I think the "loving, stable" assumption is a double eged sword. It's an impossible standard for an adoptive family to live up to. You'd have to be SuperFamily, not just regular family.

Kateri... your post has been on my mind all day. I am so incredibly upset by the exchange of words I read over at Naked Ovary... it has truly upset me.

Your post here... is brilliant... absolutely brilliant. You inspired me (yet again) to take on this same topic from the point of view of an adoptee over on my blog.

Although I didn't even START to tackle the assumptive crap written by anon. I can only deal with so much in a single day.

So true, Kateri. I believe some adoptions get closed because parents feel they've failed to meet impossible standards.

The powers that be say they are supposed to be and remain the "stable" ones ... forever.

When domestic infant adoption happens, it is typically one person's most "unstable" or vulnerable moment meeting another's most stable or empowered moment.

Barring extreme situations, there is no reason to believe this will not change -- even reverse -- at some point.

Oh, for the day we can all just get real about this. We are human beings -- fellow strugglers in this gig called life, let alone the one called adoption.

Nobody has to be dubbed "better" or "worse" than anyone else.

Hi, just found you from This Woman's Work. This is quite a conversation, wow.

I come at everything from the experience of adoption from Korea. I had the opportunity to hear two first mothers speak at a conference in Seoul this summer. One is desperately searching for her child, the other is in an open adoption. One described the acute pain of not knowing anything about her son, the other the pain of knowing her daughter but not being able to parent her. And hearing their stories taught me that openness isn't a panacea, just a different kind of loss.

Looking forward to reading more here, glad I found your blog.

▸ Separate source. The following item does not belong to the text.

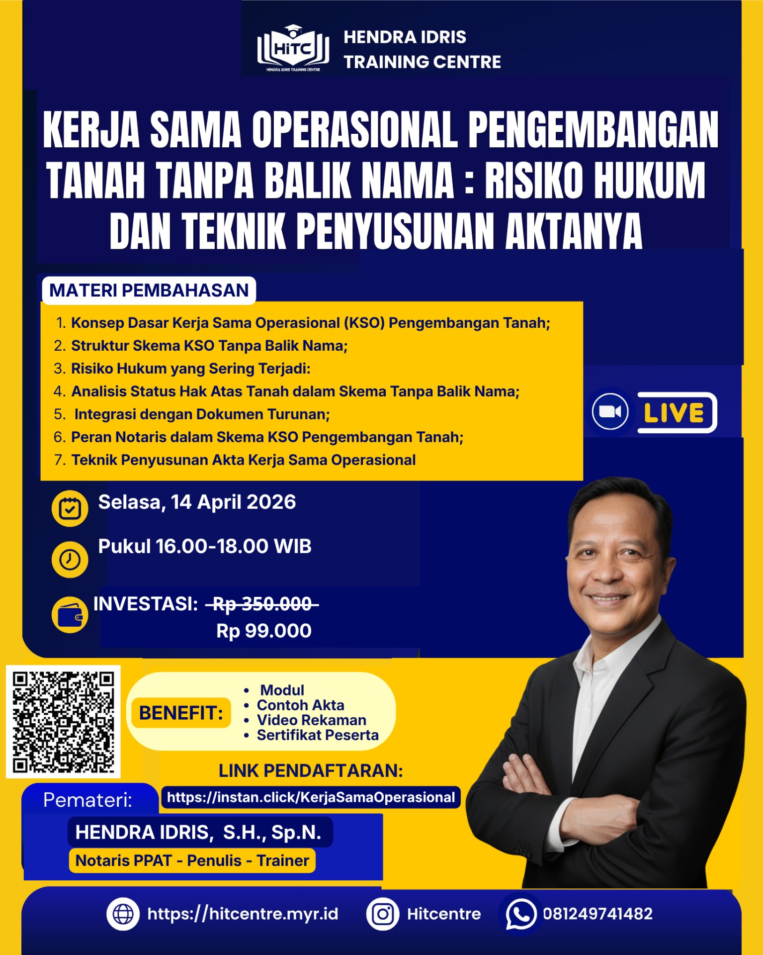 4. Kerja Sama Operasional Pengembangan Tanah Tanpa Balik Nama: Risiko Hukum dan Teknik Penyusunan Aktanya, Diselenggarakan pada hari Selasa, 14 April 2026;

Yes so true on both counts of hangover from the adoption and working a second child into the mix. I'm sure my family would be shocked to know that I still think of my children constantly and still feel pain over it. I think my mom probably can't allow herself to think that since she was the one who so pushed me to think of adoption as "babysitting" for 9 months and to have no contact with the aparents. To just go on with my life afterwards and tell no one and pretend it never happened. Because yeah it's just my baby out there no problem just keep on going and be a good girl. I had no idea there was this ring of birthmoms out here. When I went through placement there wasn't even an internet so this is all new to me and sorry if I'm barging in but I'm just overwhelmed by this sense of relief that there are other women out there who are feeling the same thing that I am. Gotta go nurse the baby.